▶ [Brief]:
From the very first line of the records through the line that contains "6月17日,在四川省广元市苍", repeat everything exactly except the pictures, and add nothing.
--- --- ---
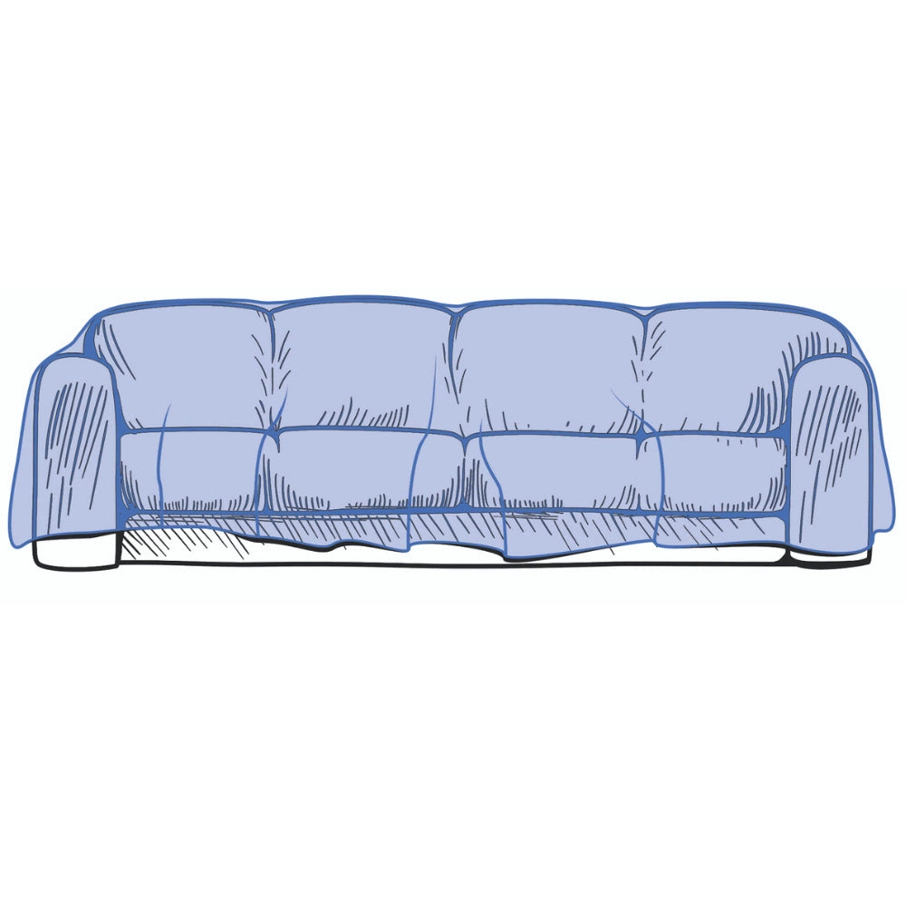 Thanks to the precise dimensions of 304.8 × 137.2 cm, the cover fits most 3-seater sofas and handles typical risks such as paint, liquids, dust, moisture, dirt, sand, and pet hair. Compared to standard painter’s film (approx. 7 μm), it is many times stronger and suitable for repeated use.
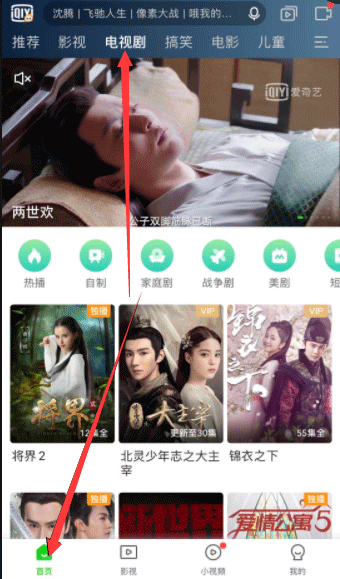 ①点击爱奇艺极速版下方的【首页】在上方找到【电视剧】,随便点一个自己喜欢的电视剧观看。
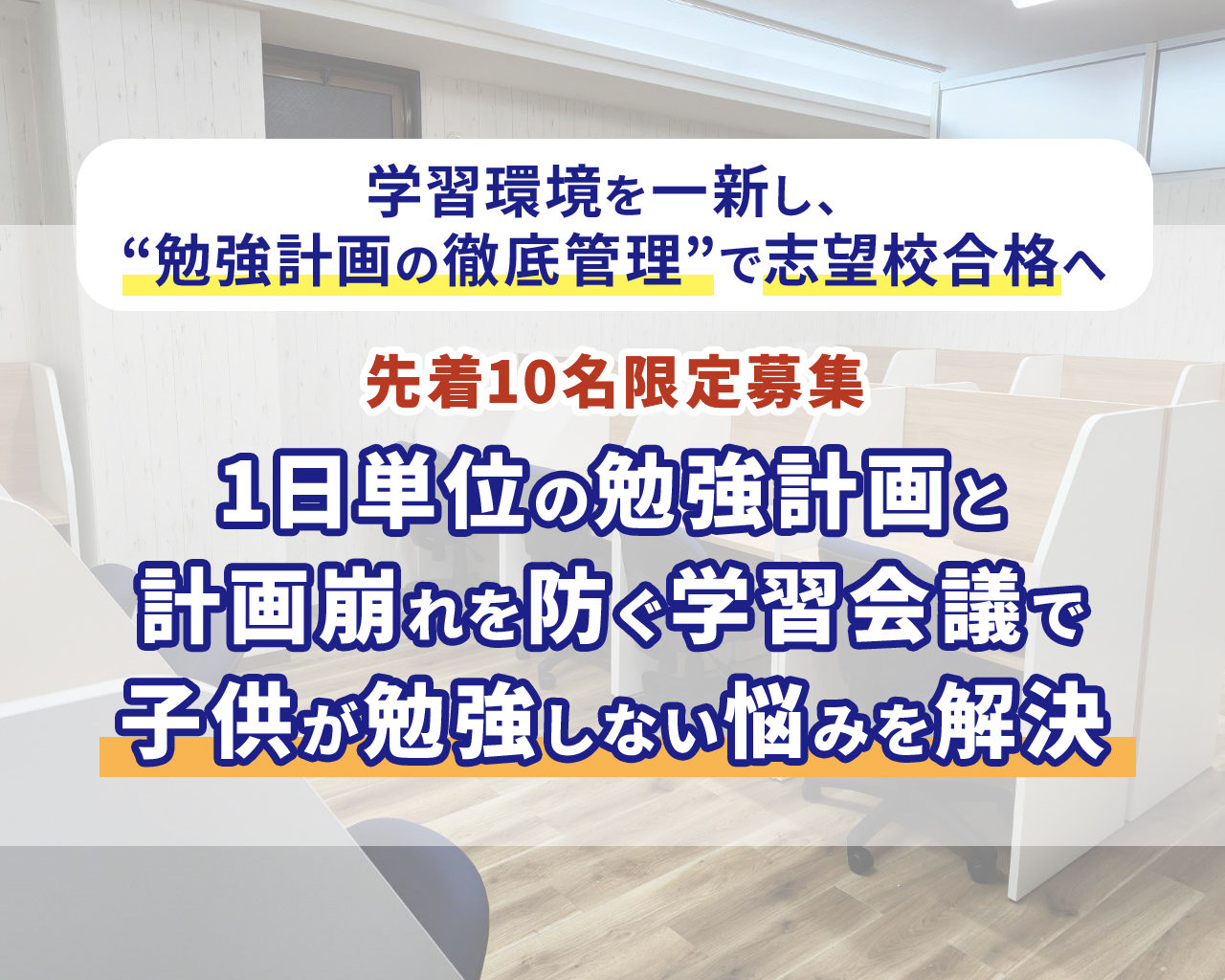 「計画を作る」だけで終わらせず、実行される状態に落とし込み、やり切るまで管理するいわゆる、強制的に環境を変える塾だと勉強が続く「仕組み」で成績が伸びるのです。
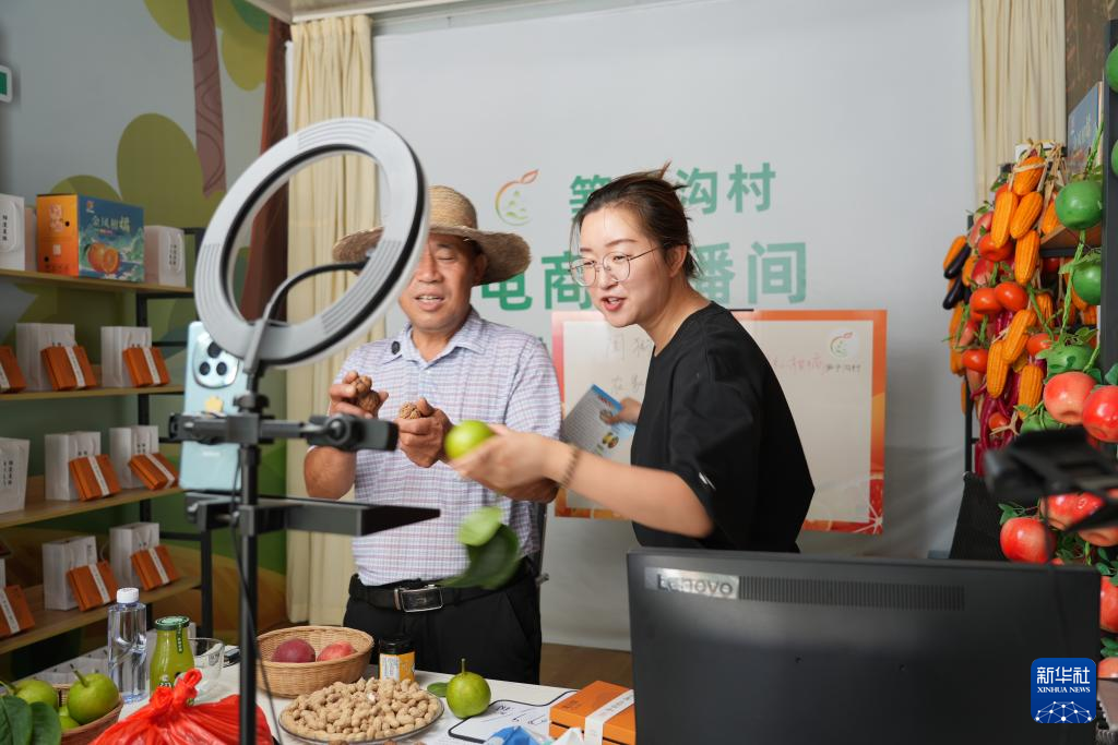 6月17日,在四川省广元市苍溪县陵江镇笋子沟村电商直播间,村支部书记张桂华(左)和村民一起直播。新华社发(王韬摄)
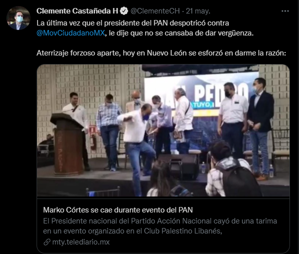 Marko Cortes no salió lesionado ni mucho menos, nomás perdió un poquito de dignidad tras su accidente. Pero como dijimos antes, entre las burlas por su caída se encontró también un mensaje de nada menos que el coordinador Nacional de Movimiento Ciudadano, Clemente Castañeda Hoeflich.
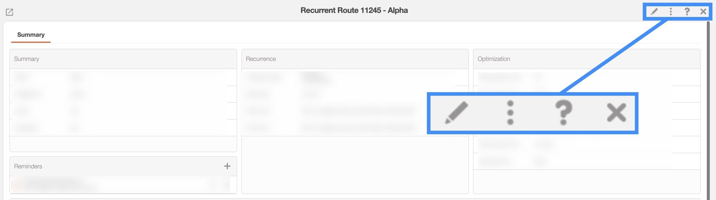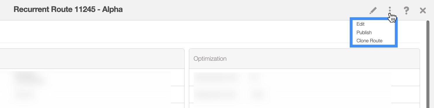 The recurrent route's upper right corner actions can be found in the top-right corner of the View Recurrent Route pop-up window:
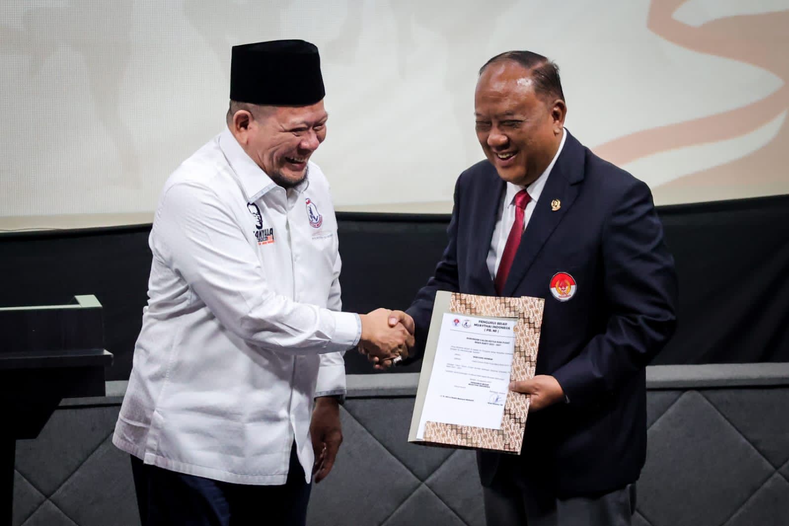 SINARGUNUNUNG, JAKARTA | Ketua DPD RI, AA LaNyalla Mahmud Mattalitti, resmi menjabat sebagai Ketua Umum PB Muaythai Indonesia periode 2022-2026. LaNyalla dan jajaran pengurus dilantik oleh Komite Olahraga Nasional Indonesia (KONI) Pusat, Kamis (18/8/2022).
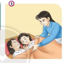 Cô giáo kéo chăn cho các bạn đang ngủ.
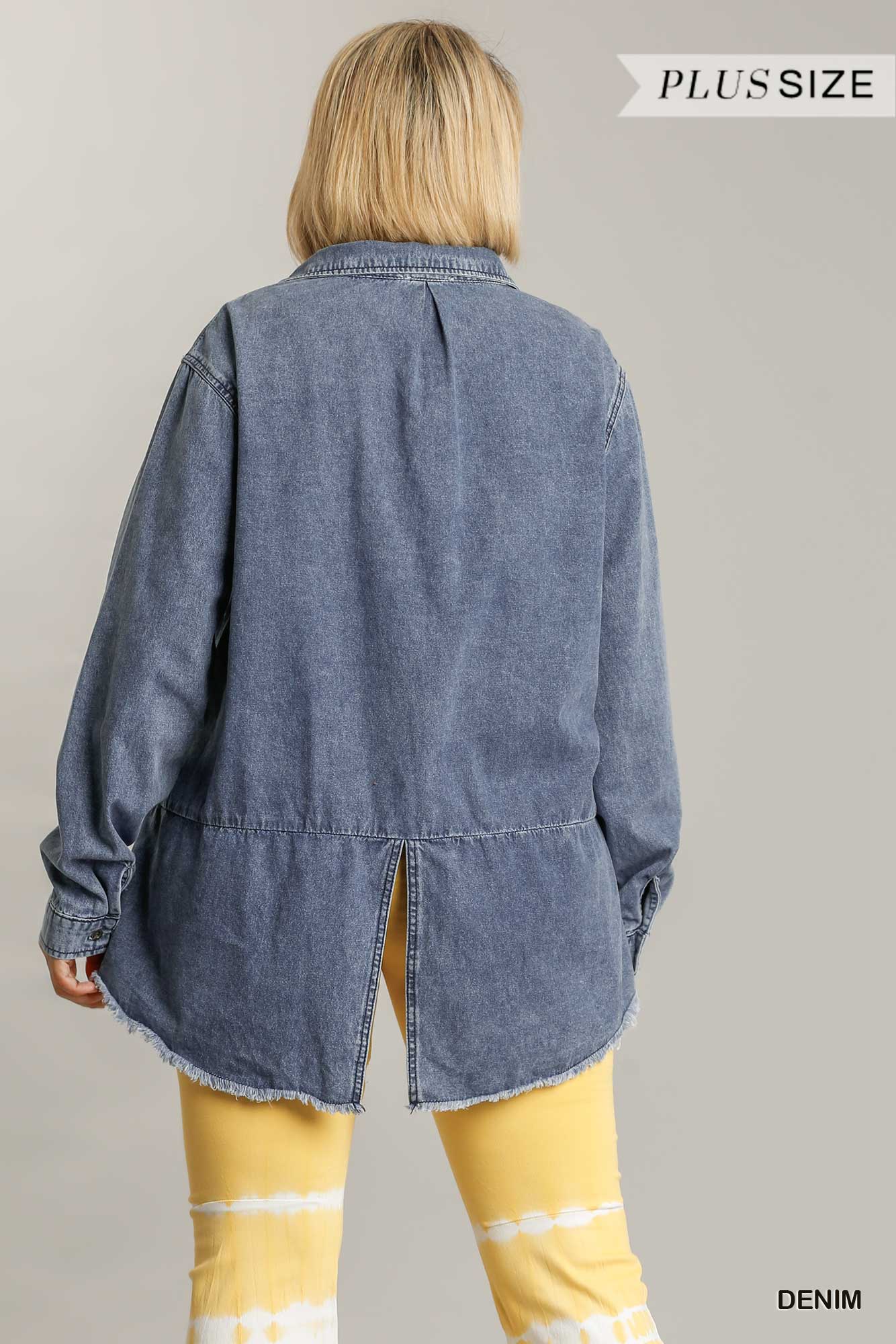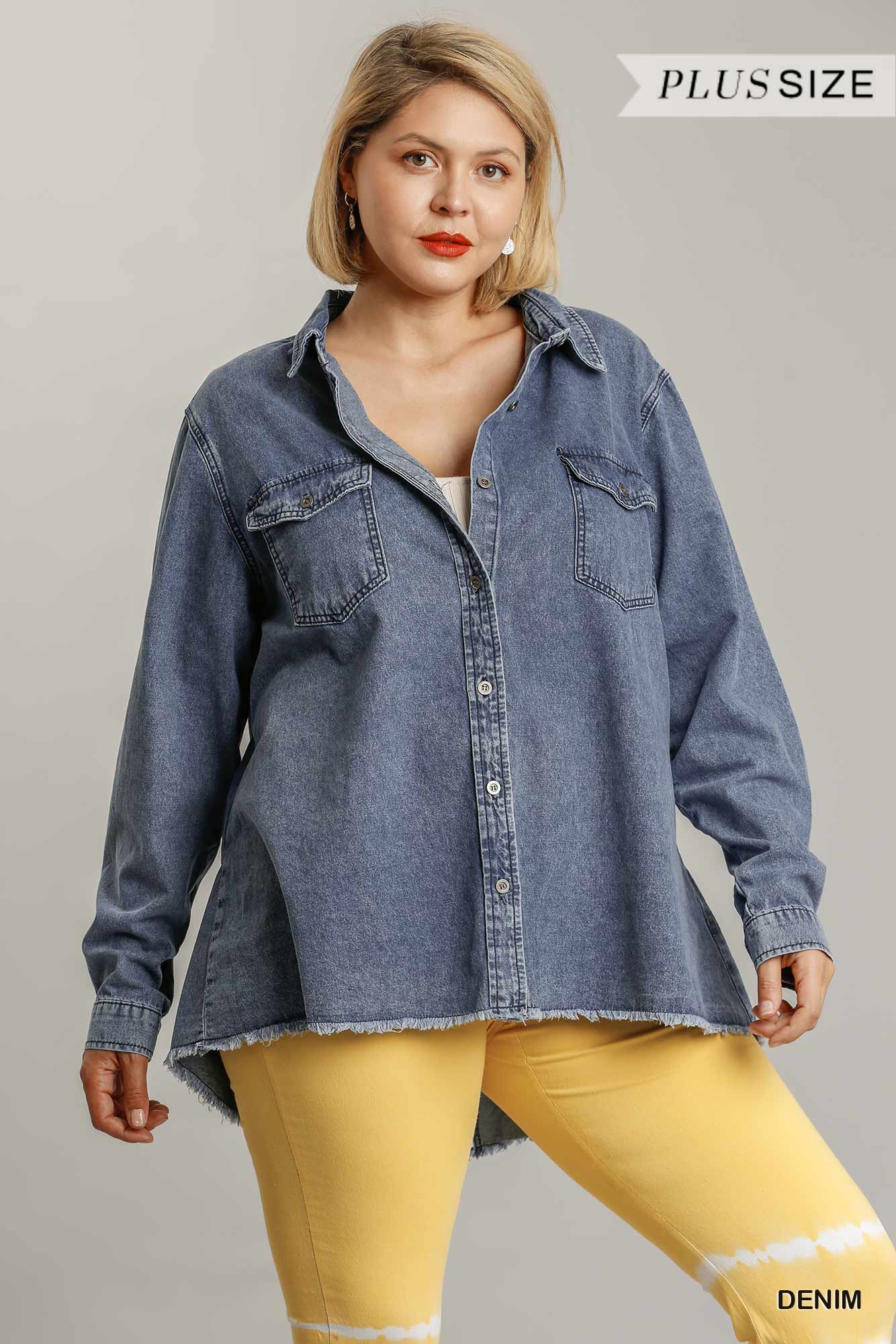 Chest Pockets Collar Button Down Denim Jacket with Unfinished High Low Hem
--- --- ---
▶ [Answer to this exercise]:
 Thanks to the precise dimensions of 304.8 × 137.2 cm, the cover fits most 3-seater sofas and handles typical risks such as paint, liquids, dust, moisture, dirt, sand, and pet hair. Compared to standard painter’s film (approx. 7 μm), it is many times stronger and suitable for repeated use.
 ①点击爱奇艺极速版下方的【首页】在上方找到【电视剧】,随便点一个自己喜欢的电视剧观看。
 「計画を作る」だけで終わらせず、実行される状態に落とし込み、やり切るまで管理するいわゆる、強制的に環境を変える塾だと勉強が続く「仕組み」で成績が伸びるのです。
 6月17日,在四川省广元市苍溪县陵江镇笋子沟村电商直播间,村支部书记张桂华(左)和村民一起直播。新华社发(王韬摄)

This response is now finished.